Table 2 and figure 2 show the concentrations of lactate obtained during the second phase of the study, both for the values obtained individually, and in the comparison between the averages obtained by the groups.

By effectively applying LLLT (LASER group), it was possible to obtain an increase in the number of repetitions in every sample (n=6), in an intergroup comparison between the 1^st day (without application) and the 2^nd day (effective application of LLLT), representing an increase of 40.8% in the total number of repetitions of every sample (LASER group). In the Placebo group, an increase in the number of repetitions in 5 out of 6 athletes of the group was obtained, representing just a 16.2% increase in the total number of repetitions of the group.

Figures 3 and 4 present an intragroup comparison (day 1 x day 2), both of the PLACEBO group and the LASER group. Figures 5 and 6 provide an intergroup comparison (Placebo Group X LASER Group), respectively on the 1^st and 2^nd days of the trial.

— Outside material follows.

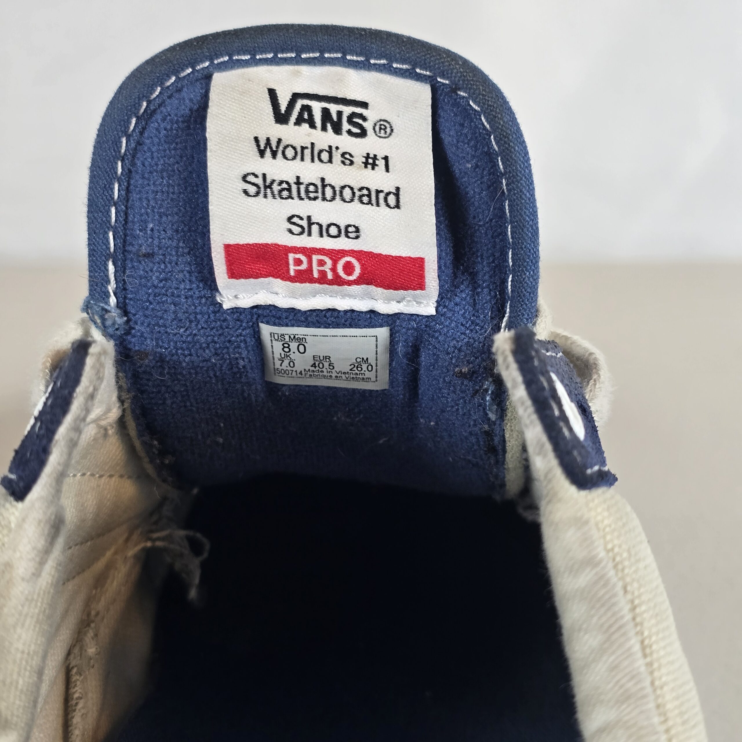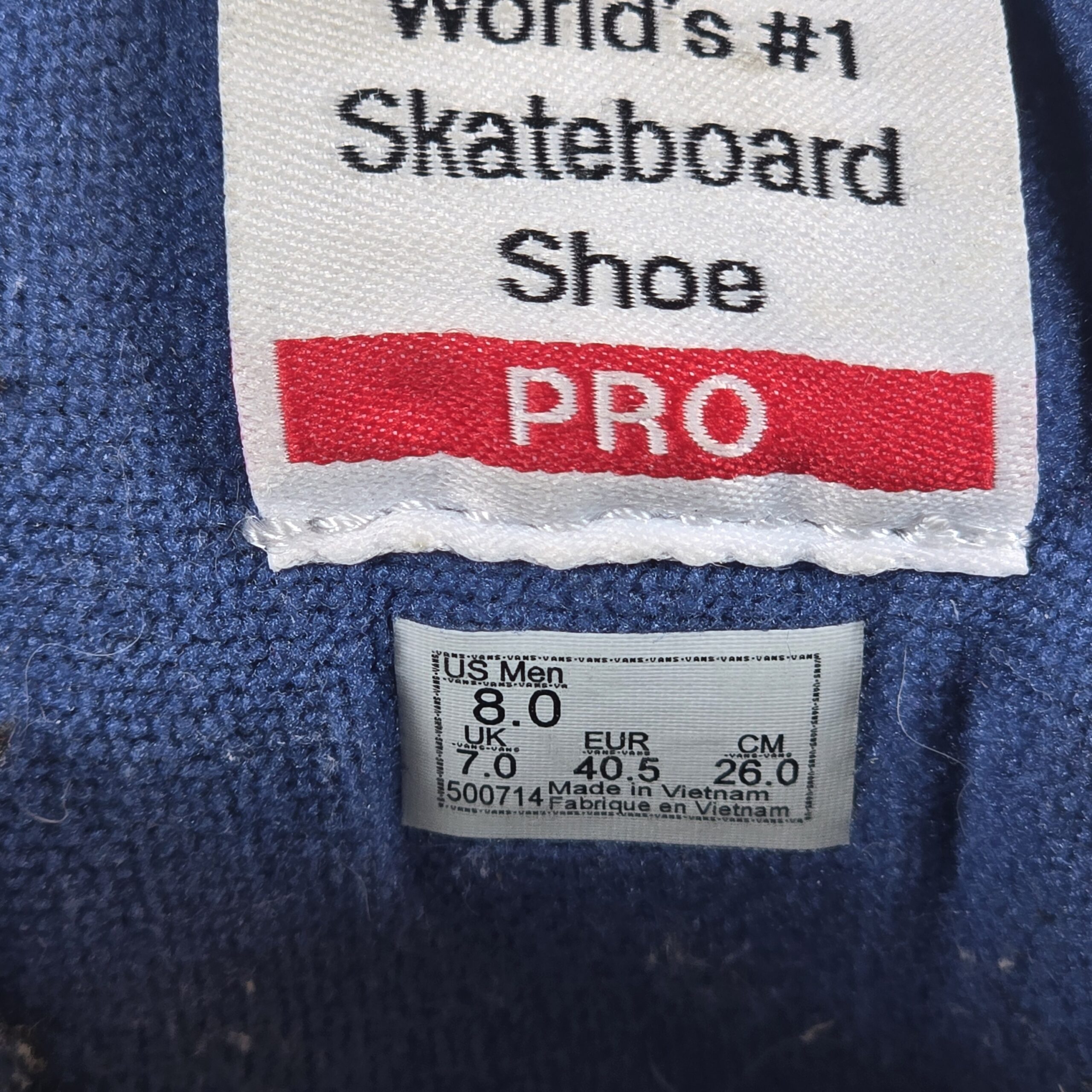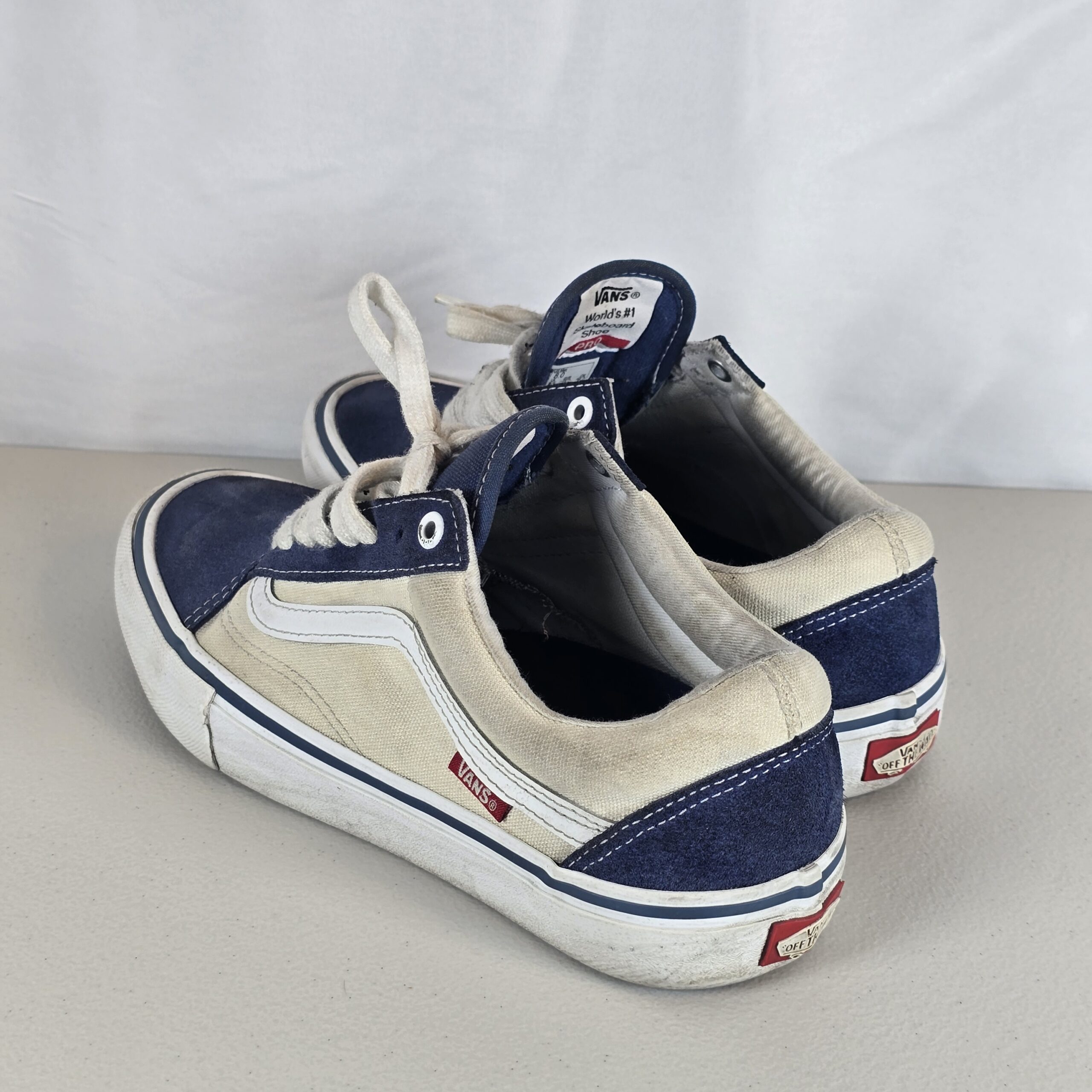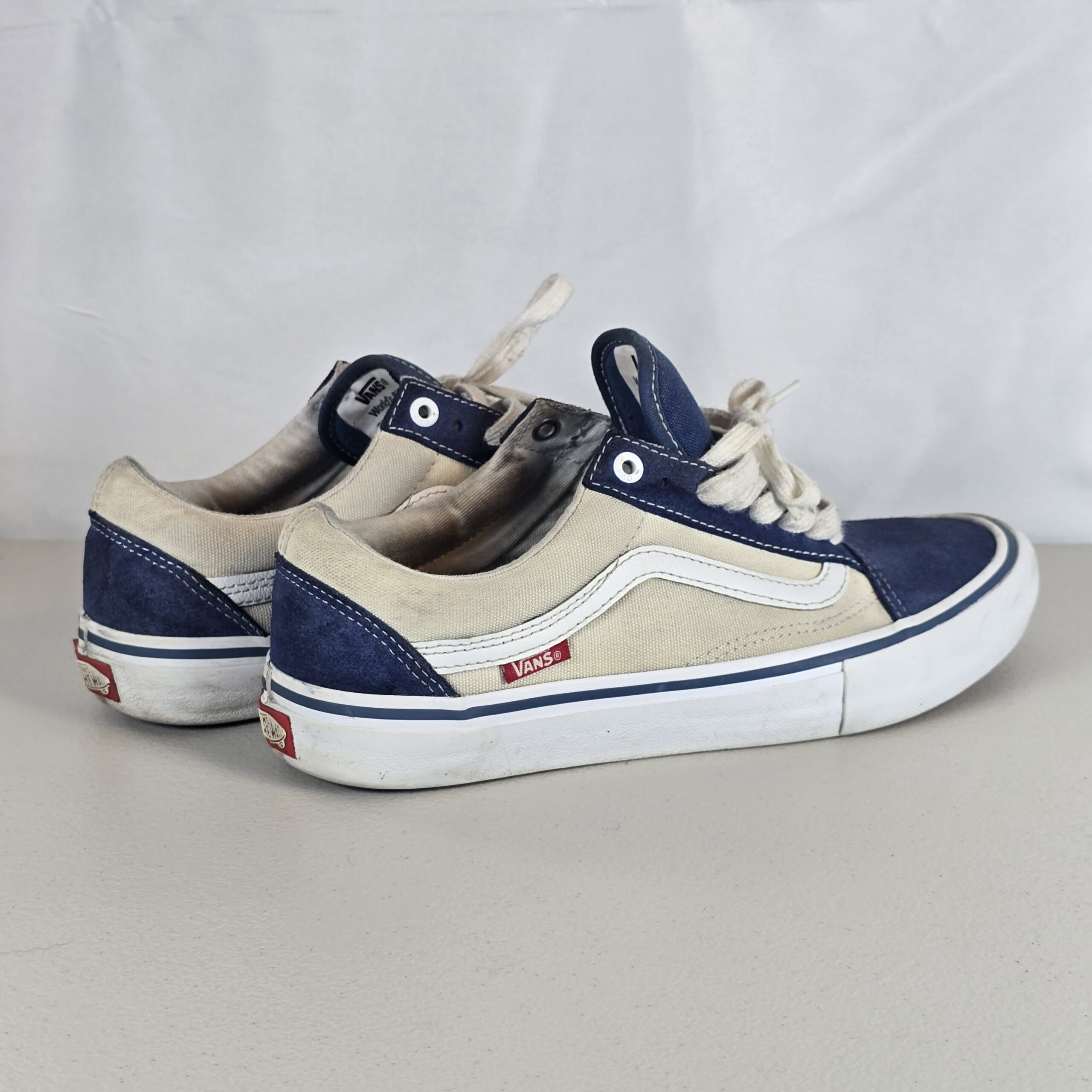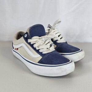 These Vans Old Skool Pro skate shoes feature a classic low-top silhouette designed for skateboarding and everyday wear, with reinforced construction typical of the Vans Pro line.

By effectively applying LLLT (LASER group), it was possible to obtain an increase in the execution time of the FMI protocol in every sample (n=6), in an intragroup comparison between the 1^st day (without application) and the 2^nd day (effective application of LLLT), representing an increase of 29.51% in the total time, in seconds, of every sample (LASER group). In the Placebo group, an increase in the execution time in 3 out of 6 athletes of the group was noted. However, in the total times of sample (n=6, placebo application, 2^nd day), it was not possible to obtain a 1% increase in time compared to the 1^st day of trials.

Figures 7 and 8 present an intragroup comparison (day 1 X day 2) of the times taken in the muscular fatigue induction protocol, both for the PLACEBO group and the LASER group. Figures 9 and 10 reveal an intergroup comparison (Placebo Group X LASER Group) between the time taken by the athletes during the process of inducing muscular fatigue, respectively on the 1^st and 2^nd days of tests.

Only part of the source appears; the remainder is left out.